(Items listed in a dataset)
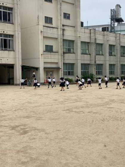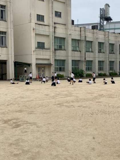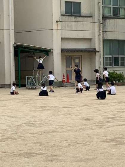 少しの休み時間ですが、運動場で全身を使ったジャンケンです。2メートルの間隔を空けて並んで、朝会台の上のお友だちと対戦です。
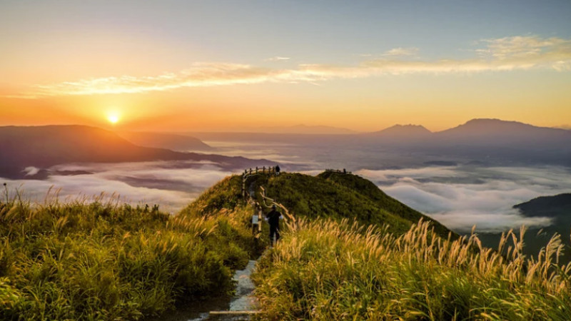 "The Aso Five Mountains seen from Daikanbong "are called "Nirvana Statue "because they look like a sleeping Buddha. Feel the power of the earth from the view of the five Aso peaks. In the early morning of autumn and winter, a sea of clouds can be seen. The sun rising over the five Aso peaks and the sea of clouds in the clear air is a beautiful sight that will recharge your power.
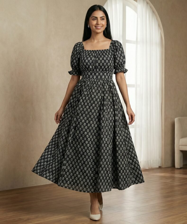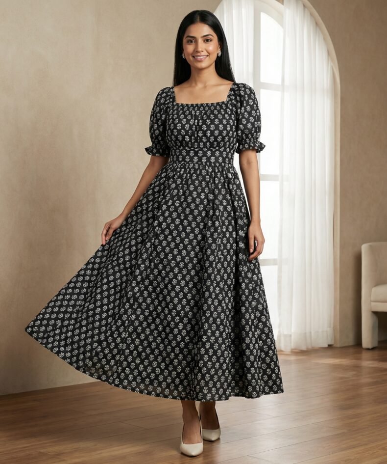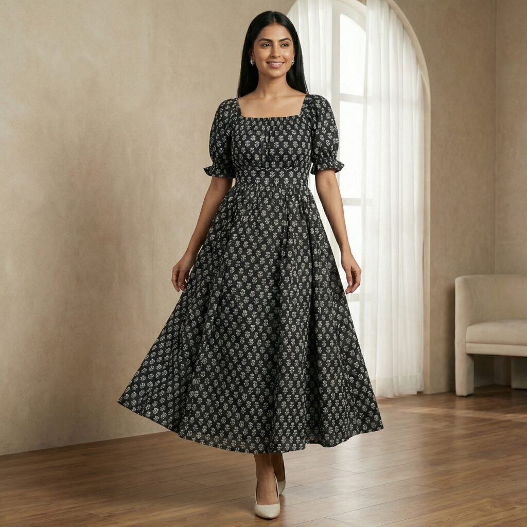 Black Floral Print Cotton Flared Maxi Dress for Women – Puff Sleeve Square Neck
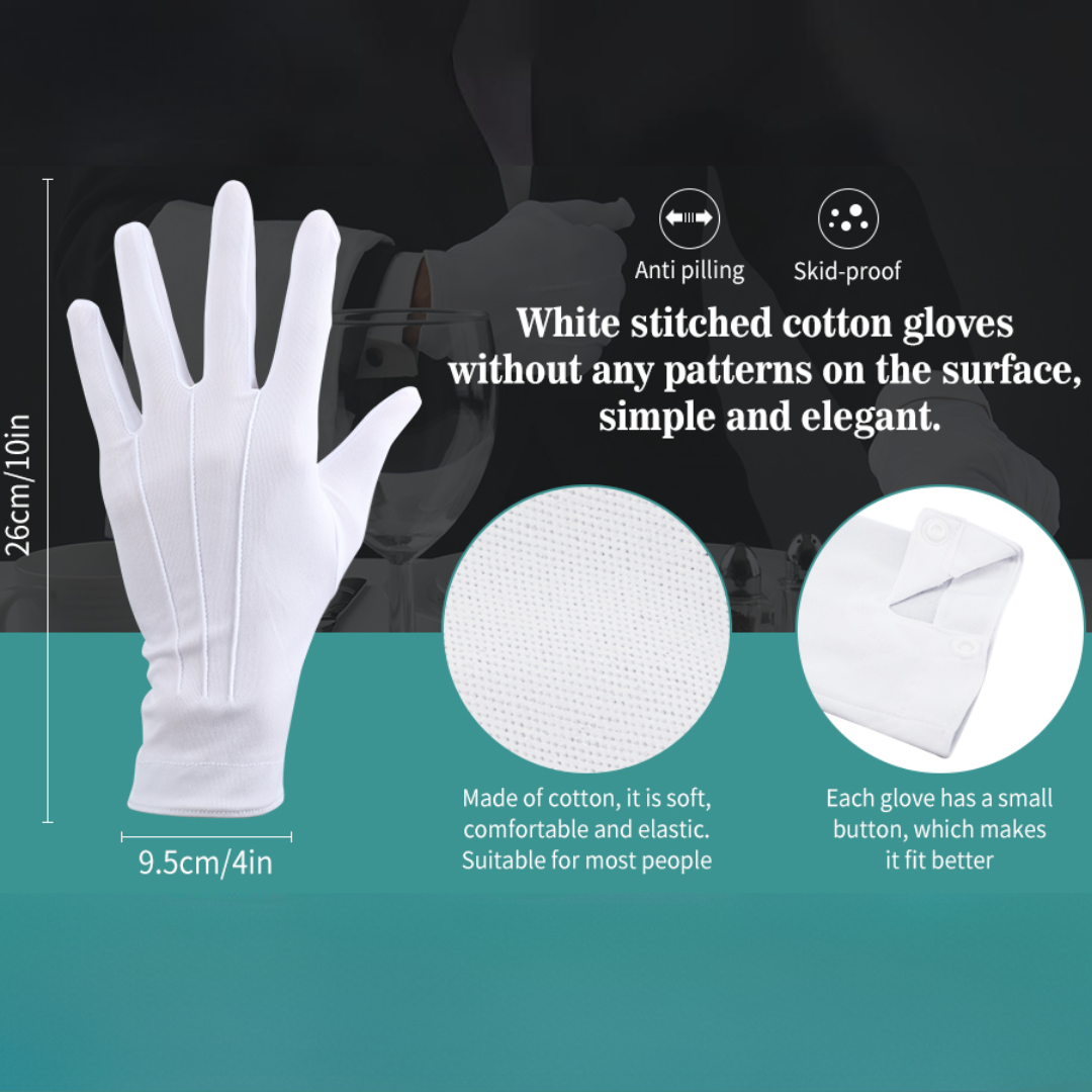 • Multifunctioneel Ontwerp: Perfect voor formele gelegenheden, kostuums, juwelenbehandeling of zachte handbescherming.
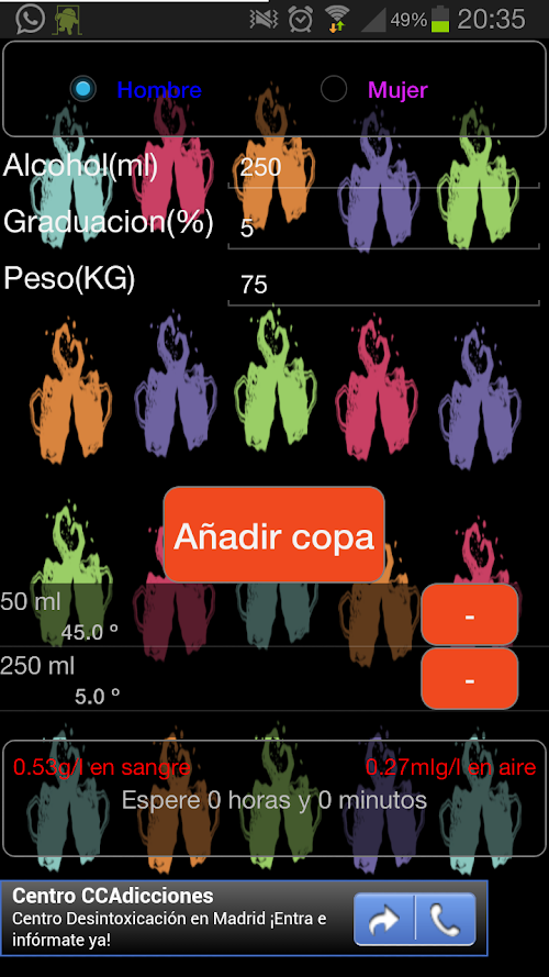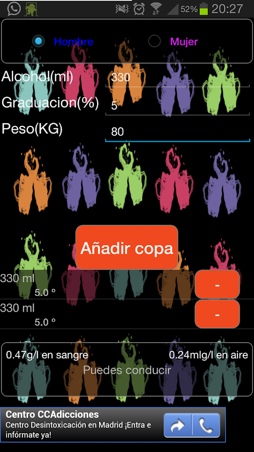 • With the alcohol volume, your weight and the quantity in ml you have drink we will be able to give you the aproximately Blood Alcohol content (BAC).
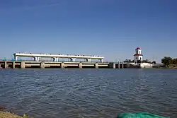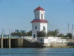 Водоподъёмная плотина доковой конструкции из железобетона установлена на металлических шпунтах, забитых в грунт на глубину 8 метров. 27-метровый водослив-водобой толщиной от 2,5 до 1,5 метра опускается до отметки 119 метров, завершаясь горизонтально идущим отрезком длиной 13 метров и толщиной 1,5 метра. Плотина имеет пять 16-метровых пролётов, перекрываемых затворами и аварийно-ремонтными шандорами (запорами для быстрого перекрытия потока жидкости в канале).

#### [Exercise goal]
All records above are to be repeated exactly, with the images left out.

#### [Exercise result]
 少しの休み時間ですが、運動場で全身を使ったジャンケンです。2メートルの間隔を空けて並んで、朝会台の上のお友だちと対戦です。
 "The Aso Five Mountains seen from Daikanbong "are called "Nirvana Statue "because they look like a sleeping Buddha. Feel the power of the earth from the view of the five Aso peaks. In the early morning of autumn and winter, a sea of clouds can be seen. The sun rising over the five Aso peaks and the sea of clouds in the clear air is a beautiful sight that will recharge your power.
 Black Floral Print Cotton Flared Maxi Dress for Women – Puff Sleeve Square Neck
 • Multifunctioneel Ontwerp: Perfect voor formele gelegenheden, kostuums, juwelenbehandeling of zachte handbescherming.
 • With the alcohol volume, your weight and the quantity in ml you have drink we will be able to give you the aproximately Blood Alcohol content (BAC).
 Водоподъёмная плотина доковой конструкции из железобетона установлена на металлических шпунтах, забитых в грунт на глубину 8 метров. 27-метровый водослив-водобой толщиной от 2,5 до 1,5 метра опускается до отметки 119 метров, завершаясь горизонтально идущим отрезком длиной 13 метров и толщиной 1,5 метра. Плотина имеет пять 16-метровых пролётов, перекрываемых затворами и аварийно-ремонтными шандорами (запорами для быстрого перекрытия потока жидкости в канале).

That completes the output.